今回発表されたのは,Lanman氏が中心になって開発したNE-LFDを,さらに洗練させて現実的な技術に落とし込んだ「The Light-Field Stereoscope」(以下,LFS-HMD)というものである(関連リンク)。
Lanman氏がNVIDIAを離れたあと,一体誰が開発の中心にいるのかと,スタンフォード大学の展示ブースにいた研究メンバーに質問したところ,意外な答えが返ってきた。Lanman氏は,NVIDIAを離れてOculus VRに移ったものの,彼の人脈によって研究開発は滞りなく続けられているのだそうだ。

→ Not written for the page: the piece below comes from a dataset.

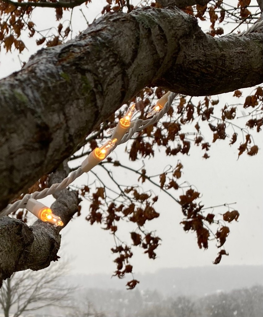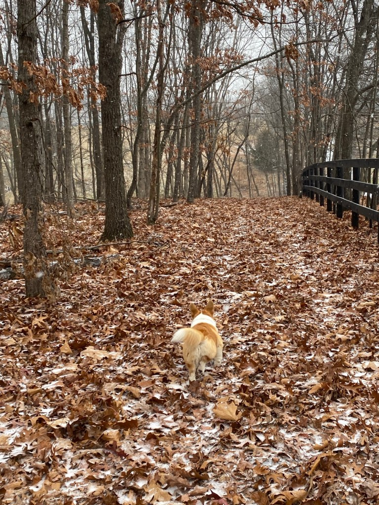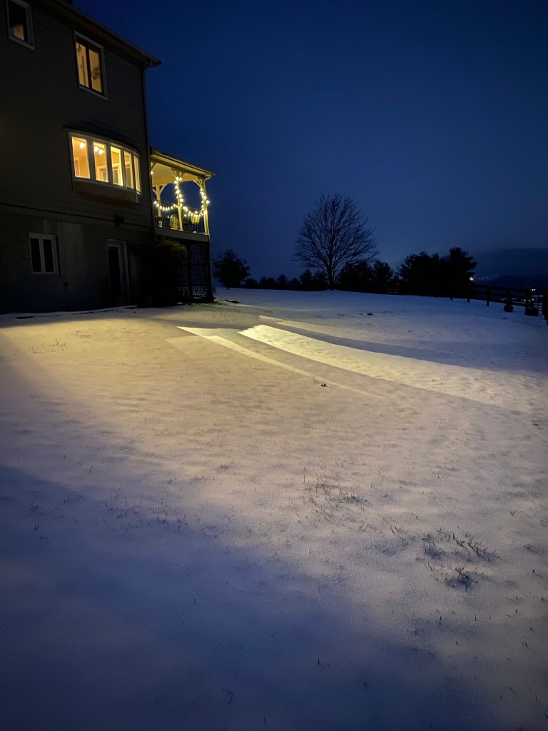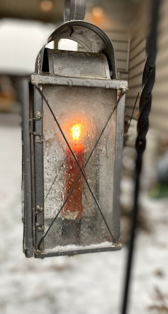 An ‘ole grey day, taking through window. Duke and High Hope seem oblivious.Grey or snowy, it is still cozy. Can you see Raggedy and Snowbell? They are in front.Walking up the hill in our field—to nowhere?Outside lights on grey days are warm.Even the birds are quiet in the woods. The crunching of footsteps and……the dogs running make the only sounds.A fire makes every wintery day better.By the fire is the best place to be on a day like today.Evening lights on snow are a delight.My favorite place is downright inviting at twilight.The soft glow from the tin lantern warms the snowy sidewalk.

元々Lanman氏は,NVIDIAの前にマサチューセッツ工科大学の「MIT Media Lab」に在籍しており,その頃に共同でライトフィールド再構築技術を研究していたGordon Wetzstein氏が,今ではスタンフォード大学にいるのだという。今回発表されたLFS-HMDは,このWetzstein氏らとNVIDIAの研究開発部との共同研究により開発されたもので,その根幹となっている技術自体が,MIT Media Lab時代にLanman氏とWetzstein氏が共同研究していた「Tensor Displays」というわけだ。

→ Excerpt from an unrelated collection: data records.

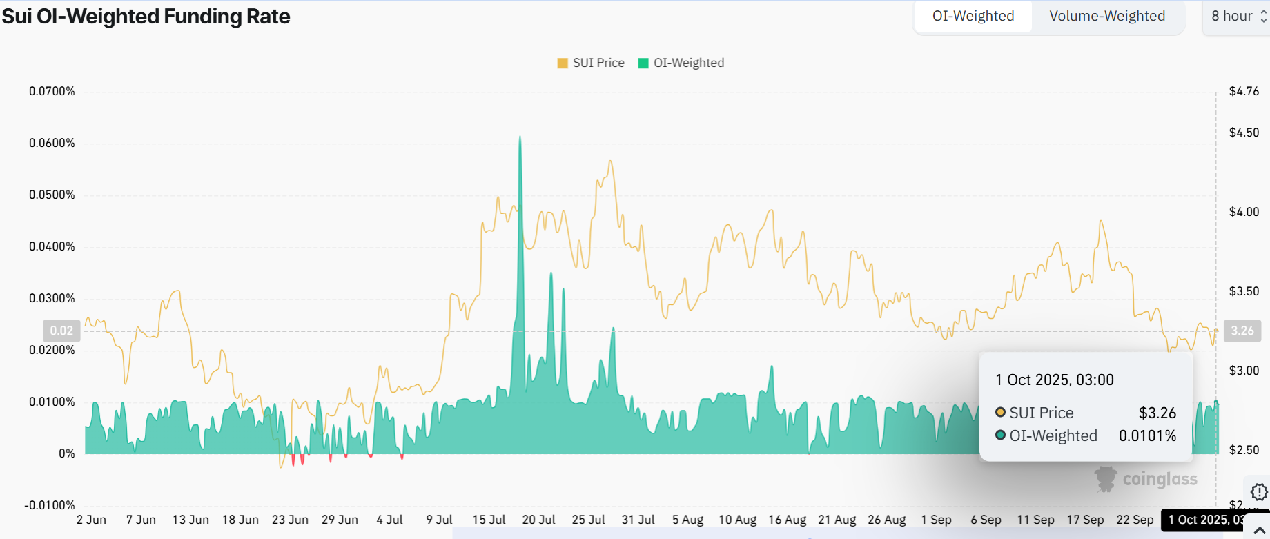 Notably, Coinglass data shows a positive OI-weighted funding rate. Sui appears to be gaining positive foot traffic, as evidenced by the rise in OI-weighted funding rates at 0.0101%. The funding rate chart indicates that interest has been steadily increasing, suggesting a bullish trend.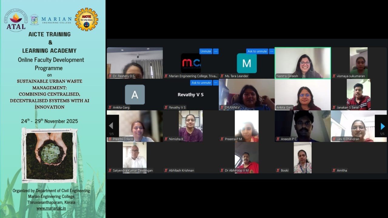 കഴക്കൂട്ടം: മരിയൻ എഞ്ചിനീയറിംഗ് കോളേജ് AICTE-യുടെ ധനസഹായത്തോടെ ദേശീയതലത്തിൽ ഓൺലൈൻ വർക്ക്ഷോപ്പ് നടന്നു. “സുസ്ഥിര നഗര മാലിന്യ മാനേജ്മെന്റ്: കേന്ദ്രികൃതവും വികേന്ദ്രികൃതവും ആയ സംവിധാനങ്ങളെ AI നവീകരണങ്ങളുമായി സംയോജിപ്പിക്കൽ” എന്നതായിരുന്ന് ആറ് ദിവസം നീണ്ടുനിന്ന വർക്ക്ഷോപ്പിന്റെ വിഷയം. രാജ്യത്തിന്റെ വിവിധ ഭാഗങ്ങളിൽ നിന്നായി ഏകദേശം 220 പ്രതിനിധികൾ പരിപാടിയിൽ പങ്കെടുത്തു. ഇന്ത്യയിലും വിദേശത്തുമുള്ള വിദഗ്ധർ കൈകാര്യം ചെയ്ത 11 സാങ്കേതിക സെഷനുകൾ ഈ വർക്ക്ഷോപ്പിന്റെ ഭാഗമായി സംഘടിപ്പിച്ചു.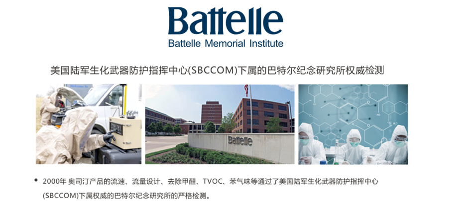 Battelle Memorial Institute紀念研究所)是總部設在美國俄亥俄州哥倫布市,在全球130個城市雇用了22000名科學家和研究人員,每年支配著高達65億美元的研發(fā)經(jīng)費巴特爾美國的獨立研究機構,巴特爾紀念研究所是以科學、教育和慈善為目的設立的機構,在美國享受免稅待遇。奧司汀空氣凈化器通過巴特爾紀念研究所嚴格檢測。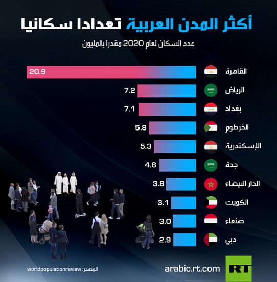 أكثر المدن العربية تعداداً بالسكان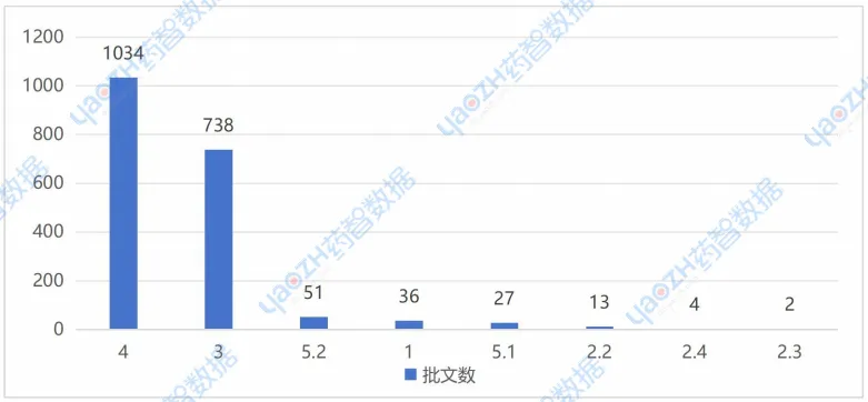 获批化药中,尤以4类仿制药获批批文数最多(1034个),3类药品次之(738个),5.2类排第三(51个),其后依次为1类(36个)、5.1类(27个)、2类(19个)。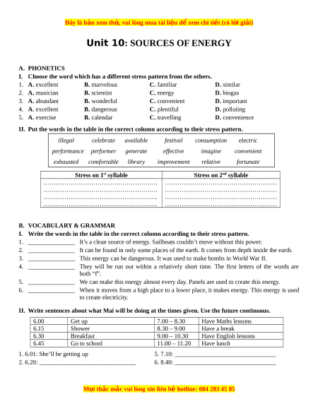 Unit 10: SOURCES OF ENERGY A. PHONETICS
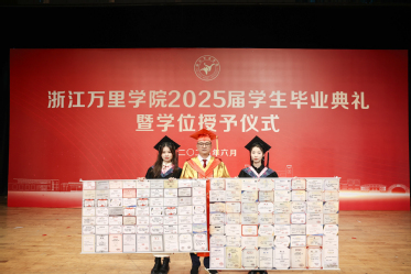 6月12日下午,“我与校长合张影”活动在钱湖校区素拓中心开展。毕业生们或是带着自己的学位毕业证,或是带着这四年来大大小小的荣誉证书、奖状,与校长林志华花式比心、合影。期待小碗仔们将携着过往的荣光与校长的殷殷期盼,迎接属于他们的全新人生阶段,郑重地祝浙江万里学院2025届毕业生们毕业快乐!

そんな話をブースでしていたところ,ブースの中から当のLanman氏が現れて,筆者に「やあ」と声をかけてきた。Oculus VRに移った今でも,ライトフィールド(とHMD)分野の研究者同士で交流は続いているようである。そういうわけで,とりあえず,NVIDIAによるHMD研究は今後も続けられるようだ。
現状のHMDや3Dテレビの抱える問題点とは?
LFS-HMDの話に戻そう。LFS-HMDは,Oculus VRの「Rift」やソニー・コンピュータエンタテインメントの「Project Morpheus」とは異なり,「ライトフィールド」を再現する仮想現実(以下,VR)対応型HMDである。

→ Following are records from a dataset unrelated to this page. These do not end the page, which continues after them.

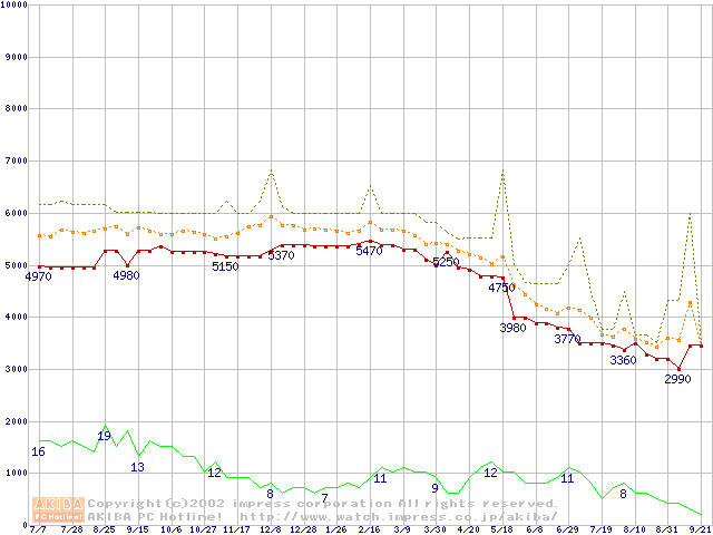 Socket A (Spitfire,PGA,FSB 200MHz,L2 64KB)の最安値推移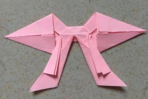 3、将两边的纸张拉开折叠,翻过来后就是漂亮的蝴蝶结啦!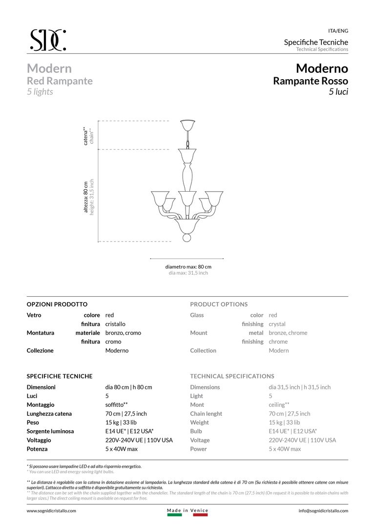 Rampante: autentico lampadario in vetro soffiato veneziano Sogni di Cristallo®.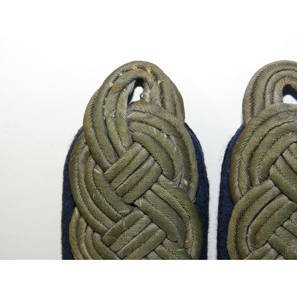 Pair of Waffen-SS shoulder boards in private purchase, extra-quality construction, corresponding to the rank of Sturmbannführer. Made of black felt with a blue felt underlay indicating medical service. Finished with dark, heavy metallic bullion braid of high quality. Fitted with a cipher featuring the Aesculap symbol, characteristic of Waffen-SS medical personnel.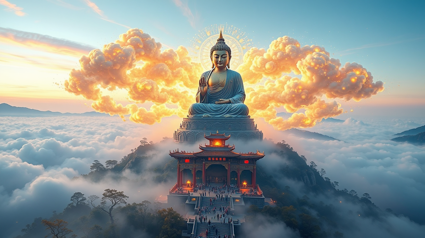 作图提示词:A breathtaking panoramic view of Mount Emei’s sea of clouds during the annual city-wide brainwave resonance festival. Golden quantum dewdrops shimmer as they are released from the palm of Leshan Giant Buddha, their glow synchronizing with the ancient architecture’s gilded patterns. Citizens use bioelectric interfaces to program the clouds, creating aurora-like formations that weave traditional Sichuanese folktales in the sky. The scene is bathed in ethereal morning mist with golden light refracting through water vapor, creating a dreamlike fusion of technology and nature. Ultra-detailed, cinematic lighting, vibrant colors of dawn with golden accents, futuristic yet traditional Chinese aesthetic.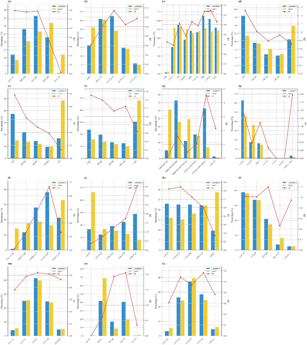 Figure 9. FR analysis of landslide-influencing factors: (a) Elevation, (b) Slope, (c) Aspect, (d) Distance to roads, (e) Distance to rivers, (f) Distance to faults, (g) Lithology, (h) Land use, (i) Precipitation, (j) Mine density, (k) FVC, (l) TWI, (m) Profile curvature, (n) Population density, (o) Plane curvature.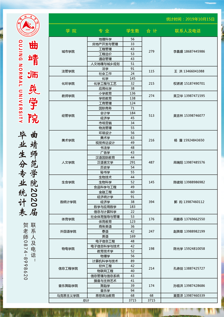 曲靖師范學院2020年畢業(yè)生分專業(yè)情況及就業(yè)聯(lián)系方式統(tǒng)計表

ライトフィールドとは何かを簡単に説明すると,視野の範囲にあるすべての光であり,ライトフィールドを再現するというのは,目に入るあらゆる光を再現するということだ。
このライトフィールドを使ったLFS-HMDでは,木の前に人が立っている情景を表示した場合,目の焦点を人に合わせれば,人がくっきりと見えて背景の木はぼやけ,背後の木に焦点を合わせれば,前にいる人がぼやけて見える。既存の立体視技術のような視差による遠近感だけでなく,焦点距離の調整でも遠近感を感じられるのが,LFS-HMDの特徴といえよう。
少し話がそれるが,なぜHMDでライトフィールドを再現するのが重要なのか,その理屈を説明しておこう。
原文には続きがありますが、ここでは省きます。